Even Facebook, famous for it’s motto of “Move fast and break things” had to pivot to “Move fast with stable infra” (source).
This becomes important when the cost of an outage (reputational, lost revenue) outweighs the benefit of agility, that incremental speed your team gets by cutting a few corners.
So, how many errors are acceptable?
Nobody can tell you that, it’s a question only you and your team can answer. In fact, it’s a good thought experiment to define this number, it’s your Error Budget.
Fleshing out service level objectives and Error budgets are a way to make a conscious decision of when it’s time to act on the factors causing the errors. Chapter 3, ‘Embracing Risk’ of the Google Site Reliability Engineering (SRE) book dives deep into the concept of SLOs and Error budgets.
This checklist is borne out of a mixture of experience and lessons from the site reliability engineering (SRE) book google. There are a few references to chapters in Google’s SRE book, though it’s certainly recommended reading.
Sidenote — I’ve added some mid journey generated images (prompts included), hopefully not too distracting from the core theme!
Imaginary Scenario
Ask yourself the following questions. Depending on organisational maturity, the below may seem a relic from the distant past or a recent experience.
- Who is impacted when things break?
Example
Our most important clients could not login to the platform during peak usage.
2. How long does production break for? Why?
It took us 2 hours to fix the issue.
Why?
a. Error wasn’t noticed, clients started contacting us and that’s how we found out
b. We had to log onto machines to look at raw text logs to identify the root cause
c. We had to deploy a new version of the software to production and were obstructed by another pending release that needed a manual roll-back
3. Why did production break?
a. We deployed a breaking change (modified a db column, modified a rest method etc)
b. It wasn’t tested sufficiently
c. The change was rolled out to everyone
If this is your reality, before diving into other practices a implementing Blameless Incident Post Mortems will be a great step forward. Why?

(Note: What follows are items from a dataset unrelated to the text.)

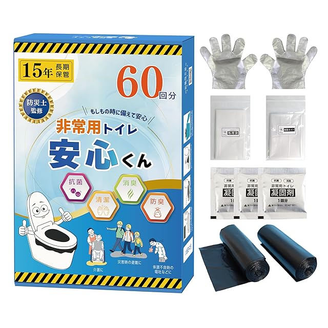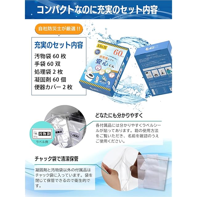 【手袋付き】災害時は水の供給も滞り手洗いもままならない事も……。手袋付きなので衛生的に便を処理できます。
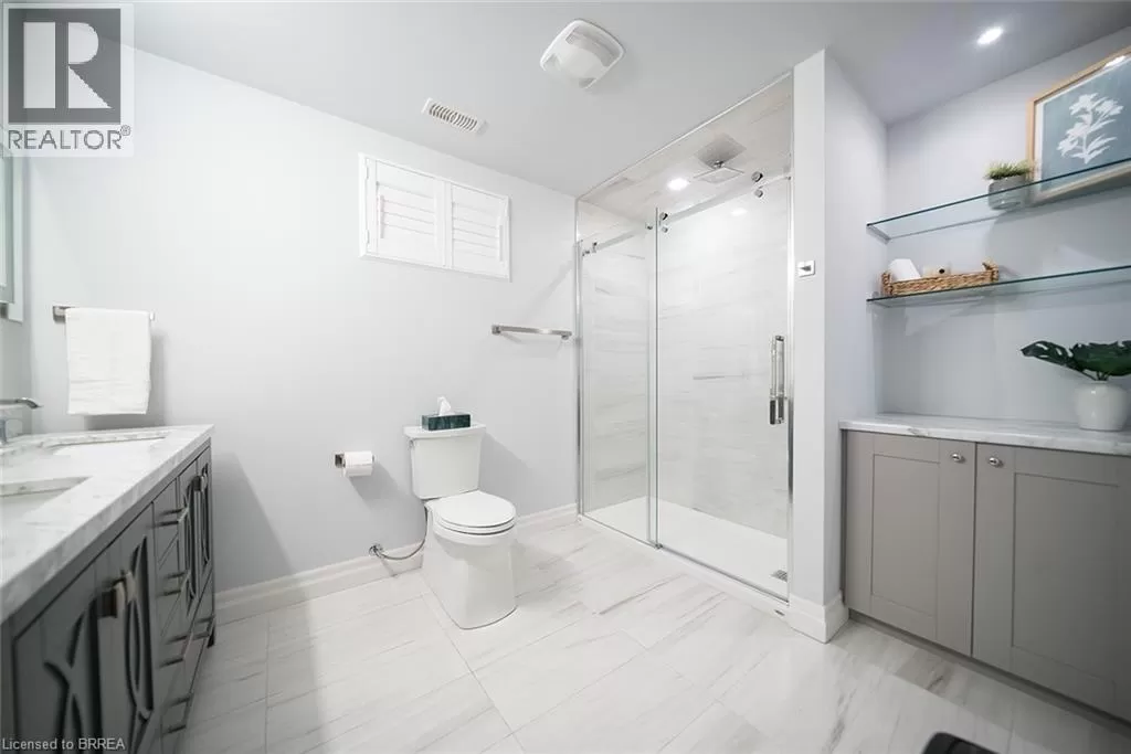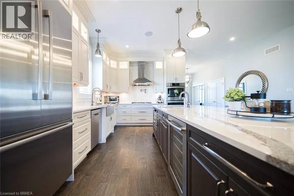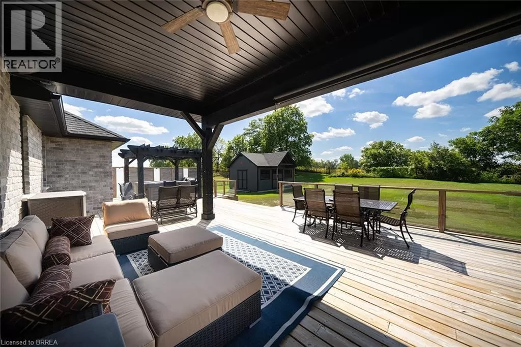 Mount Pleasant Road to Tedley Boulevard Welcome home to the prestigious Valley Estates community where this stunning, custom built, Spadafora Home, sits on a sprawling 3/4 acre lot with no backyard neighbours. Offering 2+2 bedrooms (a potential 3rd in the walk-in closet), 3.5 bathrooms & a triple car garage, with more than 4000 sq ft of finished living space. The all-brick exterior, concrete front landing & triple-car garage are striking as you make your way up to the front entryway. The alluring 10-ft ceilings create a warm, open & airy feeling as you enter the home. To the right of the entryway is a large formal dining room to host all your family gatherings, while to the left is a home office to tidy up your business affairs. This can also be another bedroom if required. The immense open-concept space offers a stunning, chic white kitchen with a 10.5-ft center island & ample storage & counter space for food preparation, with sightlines into the great room with a gas fireplace, & wall-to-wall views of the backyard with no neighbours. The main floor living area is highlighted with laundry, a powder room, & a separate bedroom area, with a large primary suite with a walk-in closet & a spa-like ensuite bathroom with a shower & soaker tub. The closet is every woman's dream with organizers & an island. This space can also be closed off to create a functional bedroom. A second generous size bedroom & full bathroom complete the main floor. Make your way downstairs to find a stunning finished basement that offers two bedrooms & a full bathroom, with a separate area for a gym, games area, recreation room & bar. This space is truly exceptional for entertaining. With access to the garage from the basement, this could be the perfect in-law suite! Outside, you will enjoy the 53x23 deck with a covered porch, pergola with hot tub, large shed & views for days with no backyard neighbours. (id:27476)
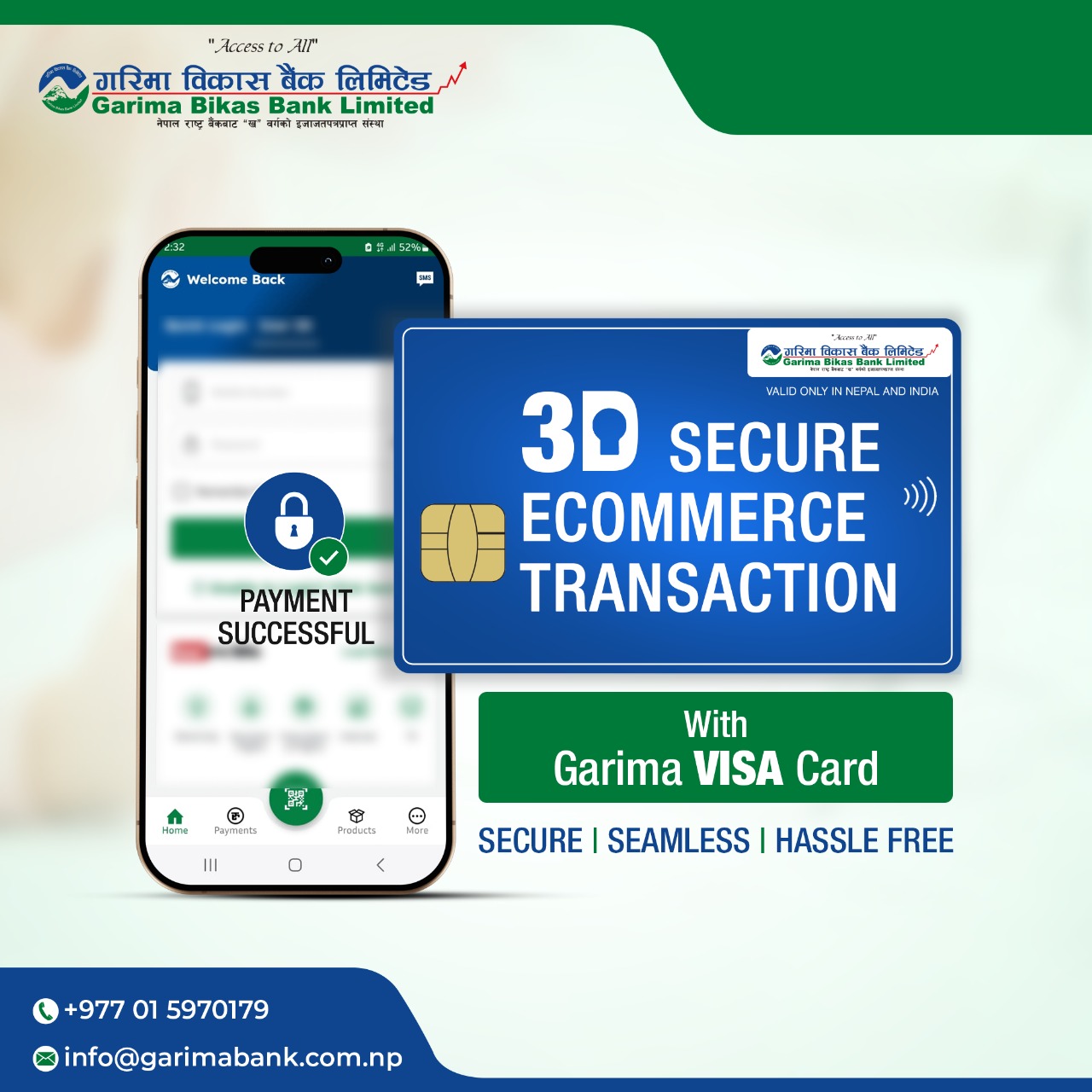 काठमाडौं । गरिमा विकास बैंक लिमिटेडले नविनतम डिजिटल बैकिङ मार्फत लामो समयदेखि आफ्ना ग्राहकवर्गहरुलाई सुरक्षित बैकिङ्ग सेवा प्रदान गर्दै आइरहेको छ । आफ्नो डिजिटल बैकिङ सेवालाई थप गुणस्तरीय एवं ग्राहकमैत्री बनाउने उद्देश्यका साथ विकास बैंकले नेपाल क्लियरिङ्ग हाउस लिमिटेड (एनसीएचएल)को सहकार्यमा विकास बैंकको डेविट तथा क्रेडिट कार्ड मार्फत सिधै रकम भुक्तानी गरी विभिन्न अनलाईन प्लेटफर्महरु मार्फत वस्तु तथा सेवा खरिद गर्न सकिने ‘थ्रीडी सेक्युर’ ई-कमर्श सेवाको शुरुवात गरेको छ ।
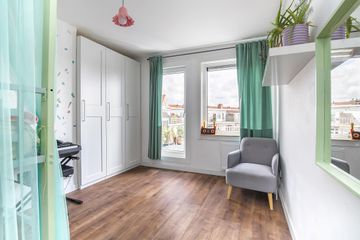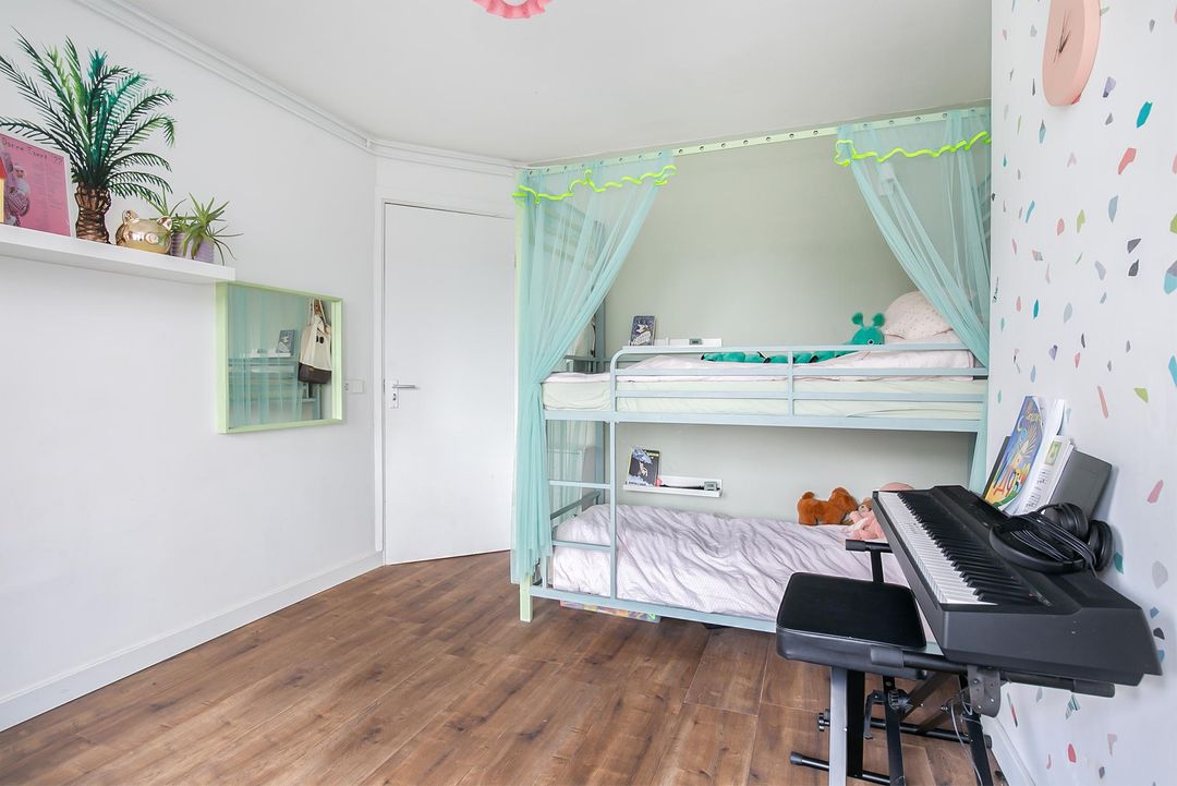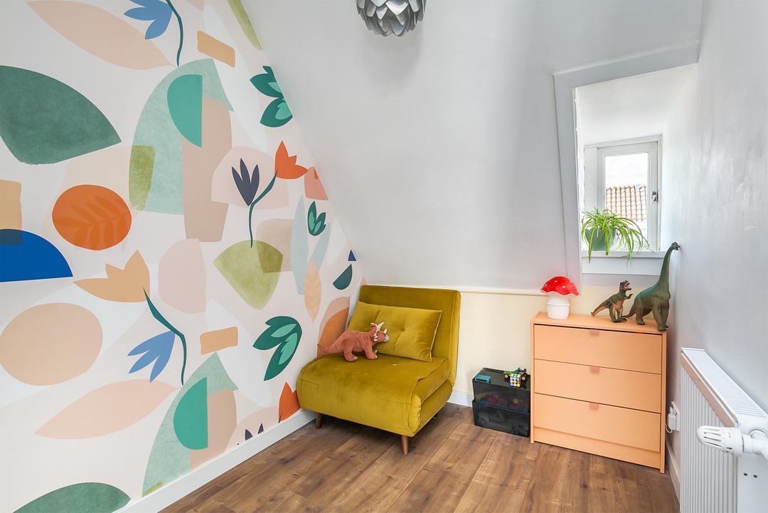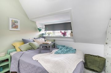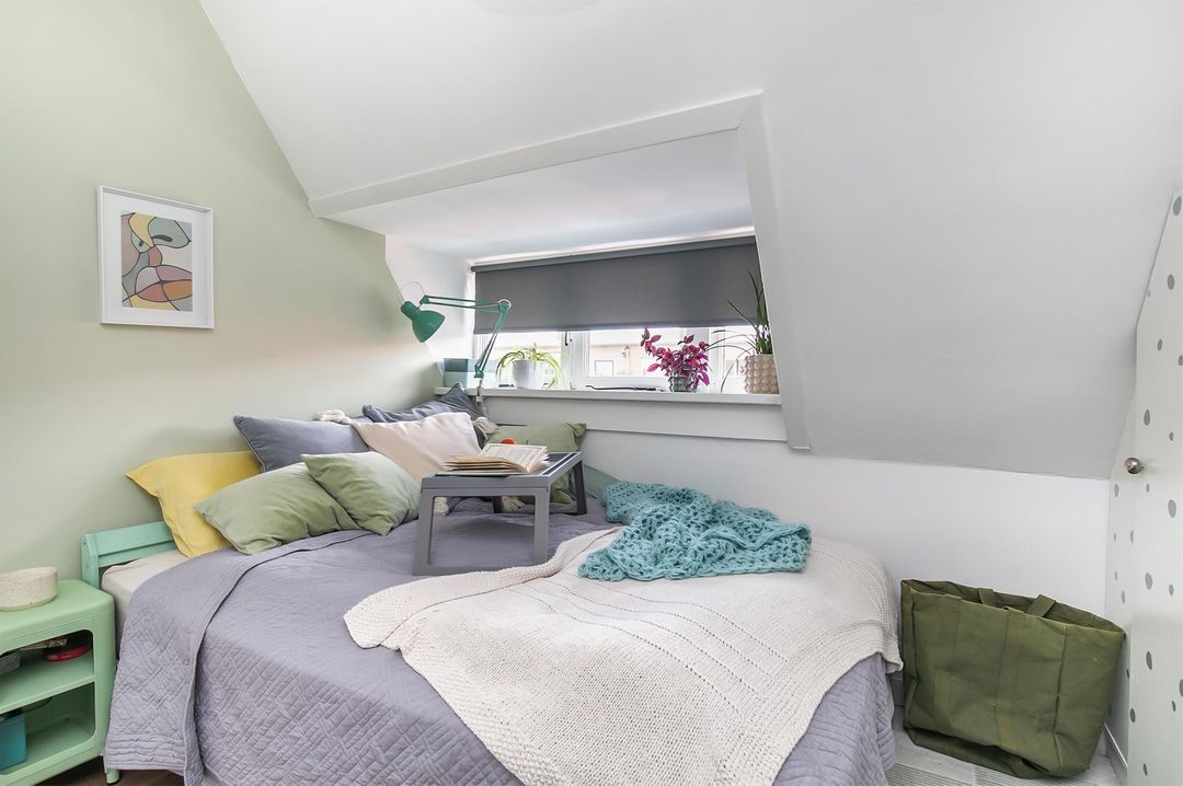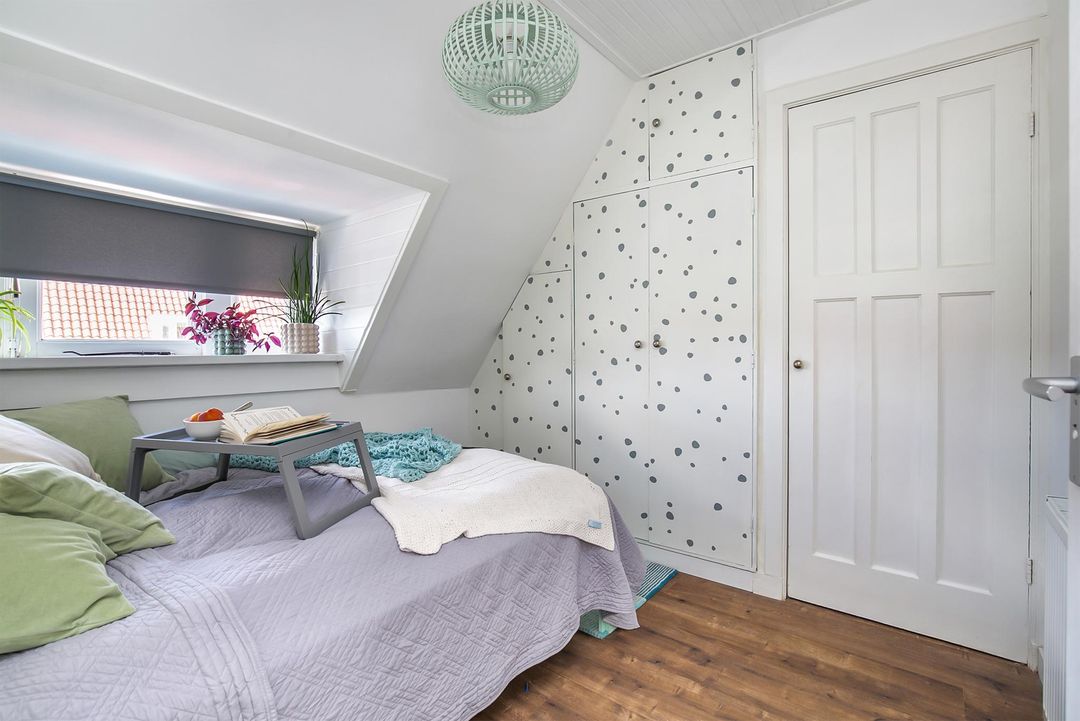 Ook de 2e slaapkamer wordt goed belicht door de aanwezige raampartijen in de dakkapel. De kamer heeft een combinatie van een lichtgroene en witte afwerking aan de wanden. Daarnaast heeft deze kamer een handige inbouwkast voor extra bergruimte of kunt u deze gebruiken als garderobekast.
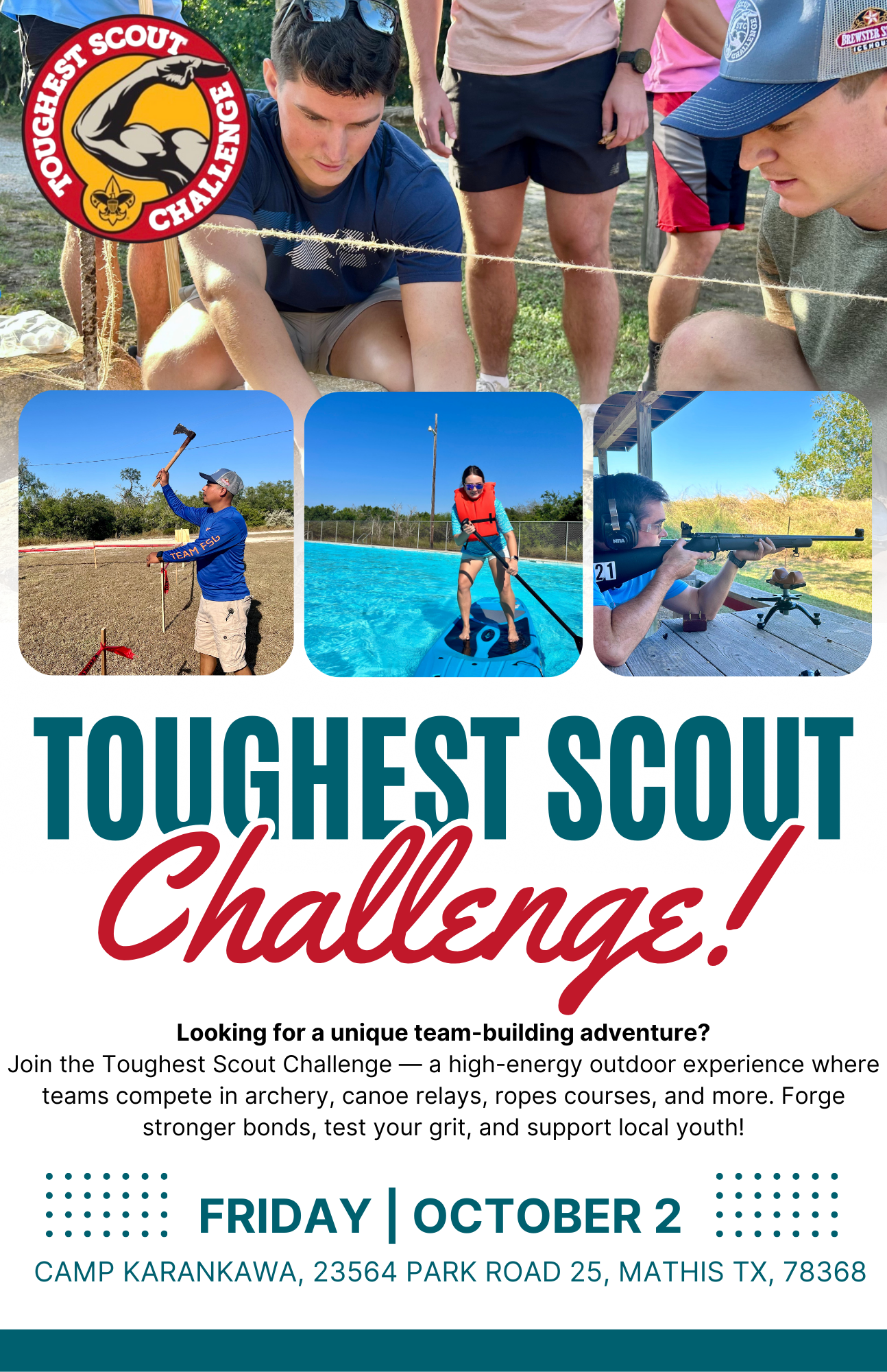 The Toughest Scout Challenge is an outdoor camp experience for organizations and groups to compete against each other and Scouts to raise funds to support the South Texas Council’s efforts to serve the youth of South Texas.
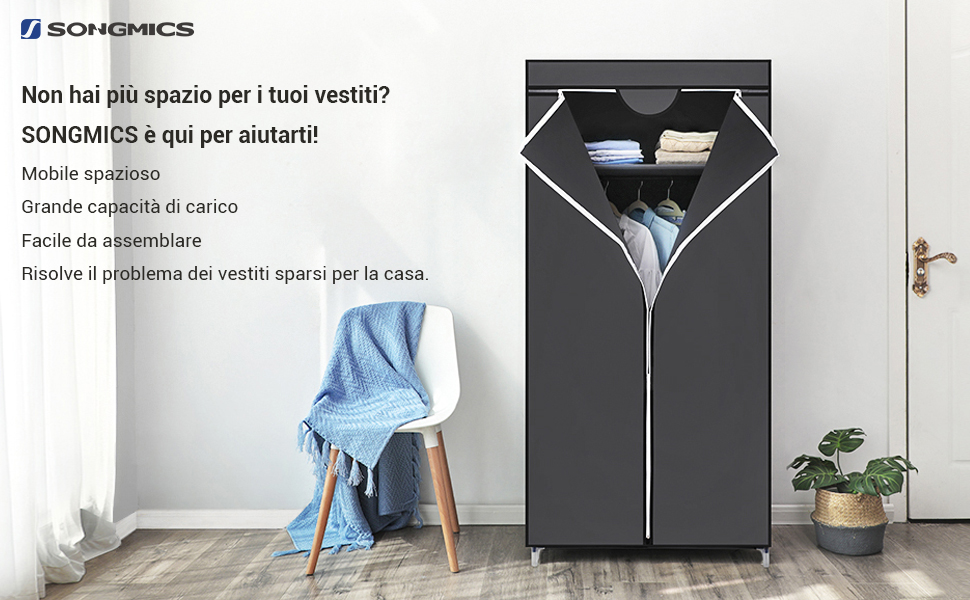 AIUTO: se ti manica un guardaroba salvaspazio ma spazioso, questo arriva appena in tempo. Finalmenta puoi mettere ordine in vestiti, scarpe e giocattoli senza occupazione troppo spazio

A lot of the answers, will become evident to your team simply by introspection. Reflection on incidents, by going in a structured way through a checklist of questions surfaces insights. It serves as a place to capture critical details that can highlight trending issues. At the very least, it will generate a shared awareness and ownership of production in the team. It’s a practice discussed in more detail further down.
Let’s revisit the above questions. What can be done to avoid a repeat?
- Reduce the number of customers impacted by errors.
- Feature toggles
- Client aware feature toggles
- Blue Green and Canary deployments
- Roll out features to your less business critical customers first
- Deploy windows: Roll out features when your product is less used - Reduce the chance of an outage, or the duration that it affects your customers. This includes time to detection + time to resolution.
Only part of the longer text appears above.